Vertebra identification using template matching modelmp and K-means clustering

• Published in: International journal for computer assisted radiology and surgery Vol. 9; no. 2; pp. 177 - 187
• Main Authors: Larhmam, Mohamed Amine, Benjelloun, Mohammed, Mahmoudi, Saïd
• Format: Journal Article
• Language: English
• Published: Berlin/Heidelberg Springer Berlin Heidelberg 01.03.2014
• Subjects: Algorithms; Cluster Analysis; Computer Imaging; Computer Science; Health Informatics; Humans; Imaging; Medicine; Medicine & Public Health; Pattern Recognition and Graphics; Radiography; Radiology; Review Article; Spinal Diseases - diagnostic imaging; Spine - diagnostic imaging; Surgery; Vision; Vertebra segmentation; Generalized Hough transform; means clustering; Medical image analysis
• ISSN: 1861-6410; 1861-6429; 1861-6429
• DOI: 10.1007/s11548-013-0927-2

Purpose Accurate vertebra detection and segmentation are essential steps for automating the diagnosis of spinal disorders. This study is dedicated to vertebra alignment measurement, the first step in a computer-aided diagnosis tool for cervical spine trauma. Automated vertebral segment alignment determination is a challenging task due to low contrast imaging and noise.
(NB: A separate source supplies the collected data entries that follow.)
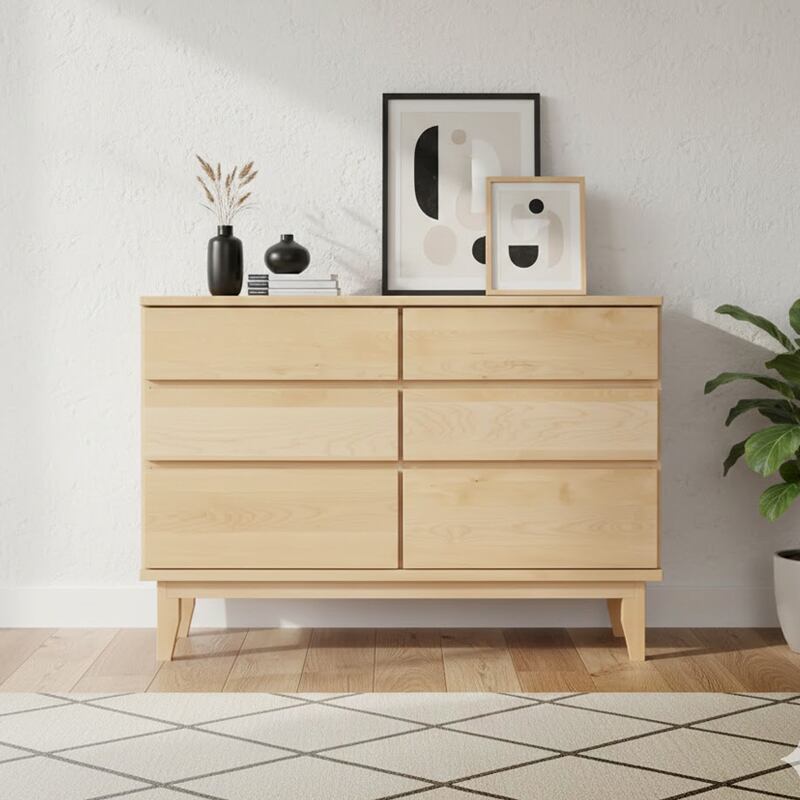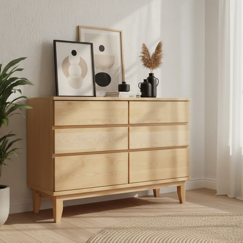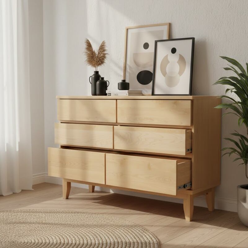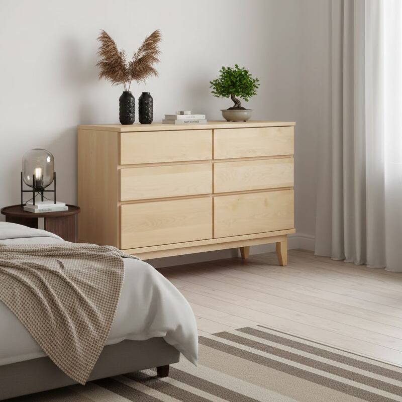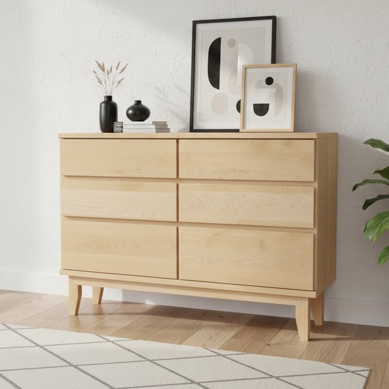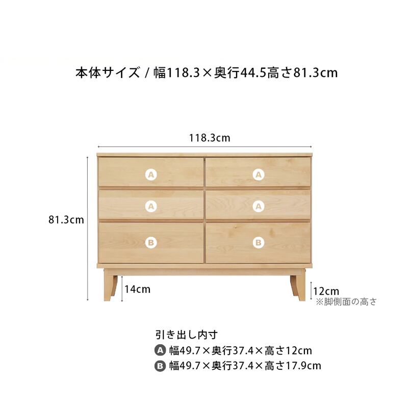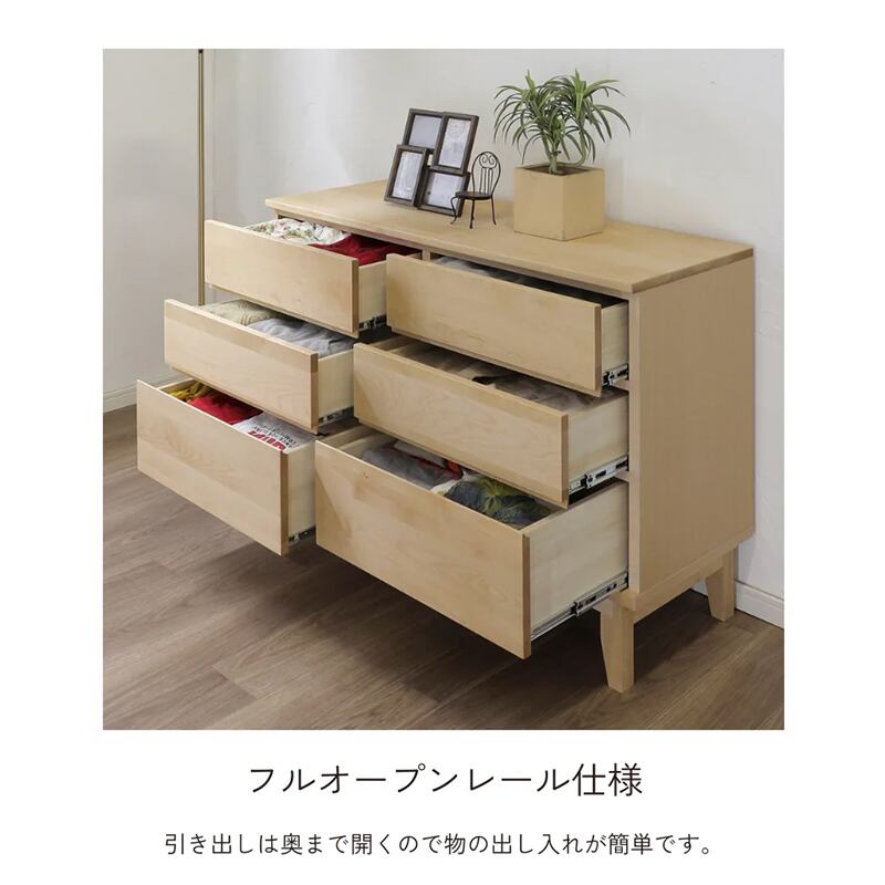 天然バーチの無垢材を天板と前板に贅沢に使用した木の温かさがあふれるワイドチェストです。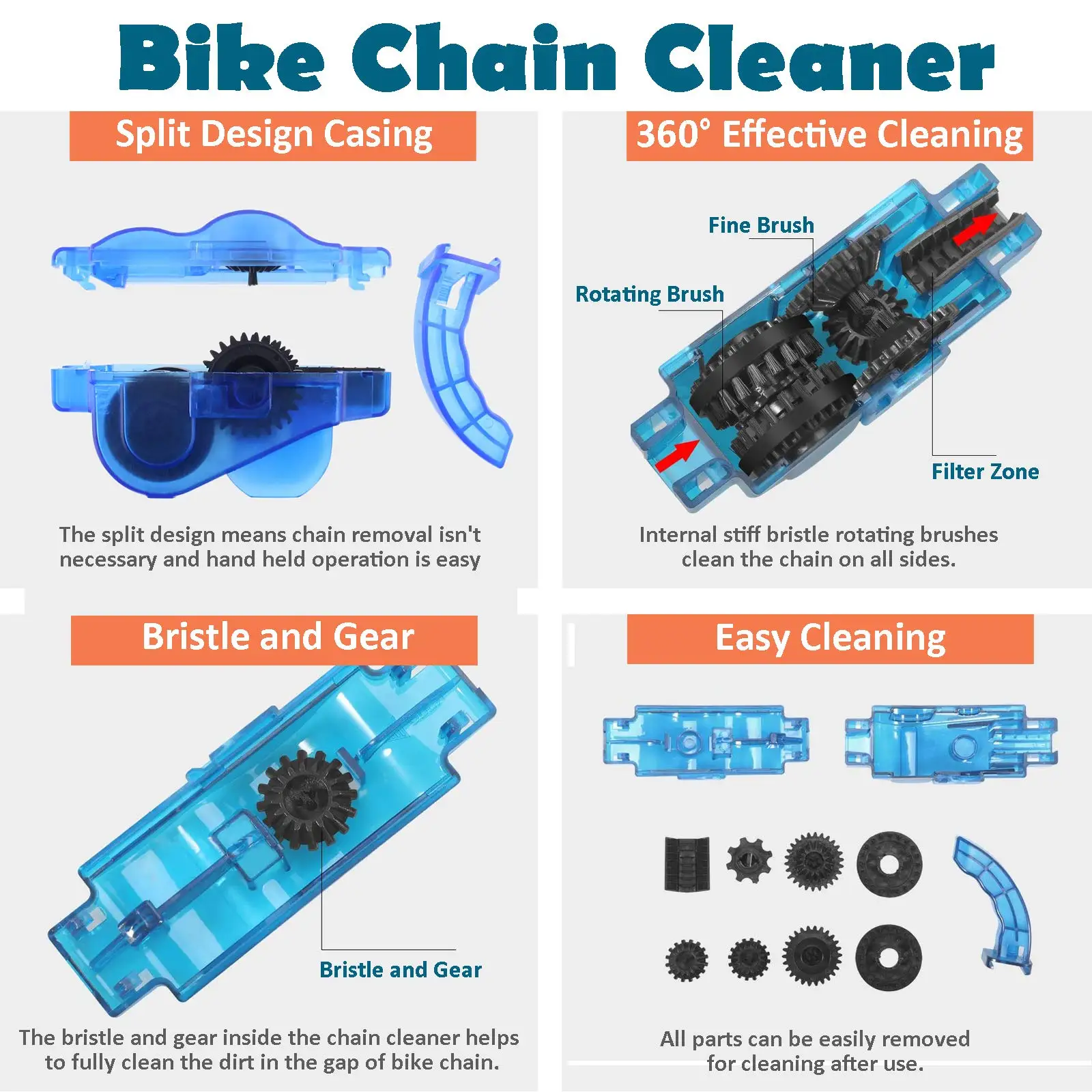 Kit de limpeza de corrente de bicicleta, correntes fáceis e de limpar rapidamente, escova de engrenagem, conjunto de ferramentas de limpeza de manutenção para bicicleta de estrada e montanha - TopDealBox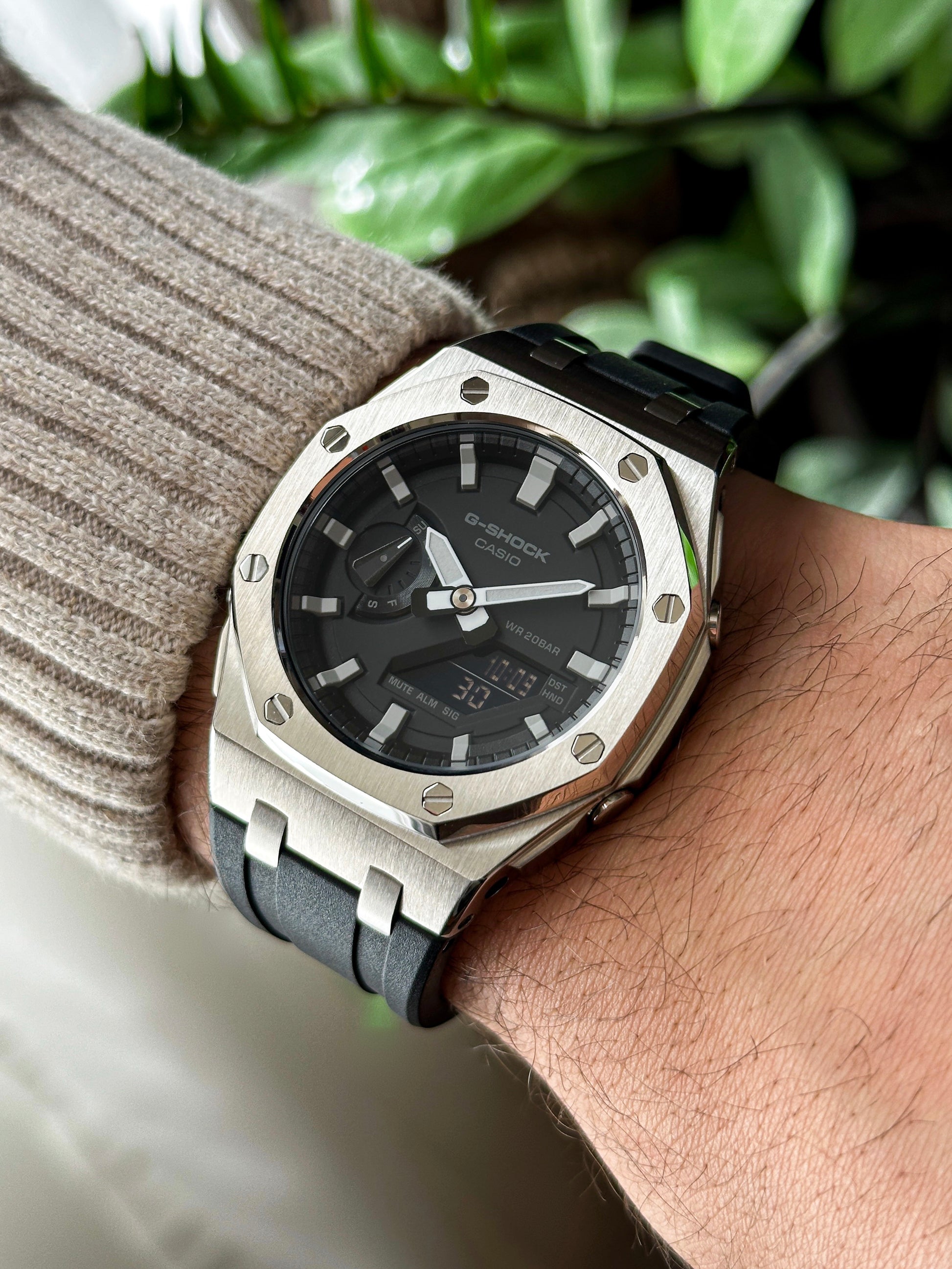 G-SHOCK CasiOak Crno srebrna - sa crno belim brojčanikom sata

A software tool for segmenting vertebrae and detecting subluxations has clinical significance. A robust method was developed and tested for cervical vertebra identification and segmentation that extracts parameters used for vertebra alignment measurement. Methods Our contribution involves a novel combination of a template matching method and an unsupervised clustering algorithm. In this method, we build a geometric vertebra mean model. To achieve vertebra detection, manual selection of the region of interest is performed initially on the input image. Subsequent preprocessing is done to enhance image contrast and detect edges. Candidate vertebra localization is then carried out by using a modified generalized Hough transform (GHT). Next, an adapted cost function is used to compute local voted centers and filter boundary data. Thereafter, a K -means clustering algorithm is applied to obtain clusters distribution corresponding to the targeted vertebrae. These clusters are combined with the vote parameters to detect vertebra centers. Rigid segmentation is then carried out by using GHT parameters. Finally, cervical spine curves are extracted to measure vertebra alignment. Results The proposed approach was successfully applied to a set of 66 high-resolution X-ray images. Robust detection was achieved in 97.5  % of the 330 tested cervical vertebrae. Conclusions An automated vertebral identification method was developed and demonstrated to be robust to noise and occlusion. This work presents a first step toward an automated computer-aided diagnosis system for cervical spine trauma detection.